I have a BLAST outfmt 6 output file in standard format, I want to find a way to loop through the file, select each hit, find its reciprocal hit and decipher which is the best hit to store.
For example:
d = {}
for line in input_file:
term = line.split('\t')
qseqid = term[0]
sseqid = term[1]
hit = qseqid, sseqid
recip_hit = sseqid, qseqid
for line in input_file:
if recip_hit in line:
compare both lines
done
Example input (tab delimited):
Seq1 Seq2 80 1000 10 3 1 1000 100 1100 0.0 500
Seq2 Seq1 95 1000 10 3 100 1100 1 1000 1e-100 500
Can anyone provide any insight how to efficiently tackle this problem?
Many thanks in advance
You could approach your problem to find those pairs and compare the lines like this:
#create a dictionary to store pairs
line_dict = {}
#iterate over your file
for line in open("test.txt", "r"):
line = line[:-1].split("\t")
#ignore line, if not at least one value apart from the two sequence IDs
if len(line) < 3:
continue
#identify the two sequences
seq = tuple(line[0:2])
#is reverse sequence already in dictionary?

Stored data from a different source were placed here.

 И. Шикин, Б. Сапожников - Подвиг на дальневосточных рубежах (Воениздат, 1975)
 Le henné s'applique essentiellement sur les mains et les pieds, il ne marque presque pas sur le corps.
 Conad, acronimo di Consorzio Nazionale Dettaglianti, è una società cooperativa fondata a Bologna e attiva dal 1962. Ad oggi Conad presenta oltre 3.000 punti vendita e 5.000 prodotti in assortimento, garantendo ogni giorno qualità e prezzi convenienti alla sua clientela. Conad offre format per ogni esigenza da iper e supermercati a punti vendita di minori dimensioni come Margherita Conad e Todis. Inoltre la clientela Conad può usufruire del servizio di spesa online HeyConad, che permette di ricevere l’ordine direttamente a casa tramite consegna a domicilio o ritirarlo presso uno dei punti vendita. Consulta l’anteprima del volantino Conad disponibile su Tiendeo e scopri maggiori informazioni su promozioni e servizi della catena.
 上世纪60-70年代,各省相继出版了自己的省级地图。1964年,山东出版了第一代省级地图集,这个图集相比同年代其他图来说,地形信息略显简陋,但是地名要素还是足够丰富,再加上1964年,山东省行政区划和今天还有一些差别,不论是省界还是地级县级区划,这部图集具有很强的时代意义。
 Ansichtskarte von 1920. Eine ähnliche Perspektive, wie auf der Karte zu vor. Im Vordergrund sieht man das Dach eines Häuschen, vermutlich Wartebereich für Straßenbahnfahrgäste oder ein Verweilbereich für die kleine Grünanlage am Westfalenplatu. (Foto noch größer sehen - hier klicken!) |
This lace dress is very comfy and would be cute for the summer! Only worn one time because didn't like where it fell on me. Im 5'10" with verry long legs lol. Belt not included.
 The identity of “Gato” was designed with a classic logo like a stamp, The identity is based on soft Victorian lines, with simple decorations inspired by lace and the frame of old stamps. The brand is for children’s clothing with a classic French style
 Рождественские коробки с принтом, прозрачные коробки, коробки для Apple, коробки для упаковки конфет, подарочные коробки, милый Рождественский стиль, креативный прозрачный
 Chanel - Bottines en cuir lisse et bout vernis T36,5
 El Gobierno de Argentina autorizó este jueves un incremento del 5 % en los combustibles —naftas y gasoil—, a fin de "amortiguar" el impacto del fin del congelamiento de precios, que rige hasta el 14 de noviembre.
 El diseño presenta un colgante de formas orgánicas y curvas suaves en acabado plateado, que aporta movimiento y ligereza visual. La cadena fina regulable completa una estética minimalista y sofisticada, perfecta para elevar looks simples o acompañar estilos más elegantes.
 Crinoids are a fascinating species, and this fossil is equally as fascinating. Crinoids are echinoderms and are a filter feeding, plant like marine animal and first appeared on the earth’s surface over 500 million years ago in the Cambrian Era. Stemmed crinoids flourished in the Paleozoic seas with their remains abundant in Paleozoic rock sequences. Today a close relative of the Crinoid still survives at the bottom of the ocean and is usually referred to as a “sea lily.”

if seq[::-1] in line_dict:
#append new line
line_dict[seq[::-1]].append(line)
else:
#create new entry
line_dict[seq] = [line]
#remove entries, for which no counterpart exists
pairs = {k: v for k, v in line_dict.items() if len(v) > 1}
#and do things with these pairs
for pair, seq in pairs.items():
print(pair, "found in:")
for item in seq:
print(item)
The advantage is that you only have to iterate once over your file, because you store all data and discard them only, if you haven't found a matching reversed pair. The disadvantage is that this takes space, so for very large files, this approach might not be feasible.
A similar approach - to store all data in your working memory - utilises pandas. This should be faster, since sorting algorithms are optimised for pandas. Another advantage of pandas is that all your other values are already in pandas columns - so further analysis is made easier. I definitely prefer the pandas version, but I don't know, if it is installed on your system. To make things easier to communicate, I assigned a
and b
to the columns that contain the sequences Seq1
and Seq2
.
import pandas as pd
#read data into a dataframe
#not necessary: drop the header of the file, use custom columns names
df = pd.read_csv("test.txt", sep='\t', names=list("abcde"), header = 0)
#create a column that joins Seq1 - Seq2 or Seq2 - Seq1 to Seq1Seq2
df["pairs"] = df.apply(lambda row: ''.join(sorted([row["a"], row["b"]])), axis = 1)
#remove rows with no matching pair and sort the database
only_pairs = df[df["pairs"].duplicated(keep = False)].sort_values(by = "pairs")
print(only_pairs)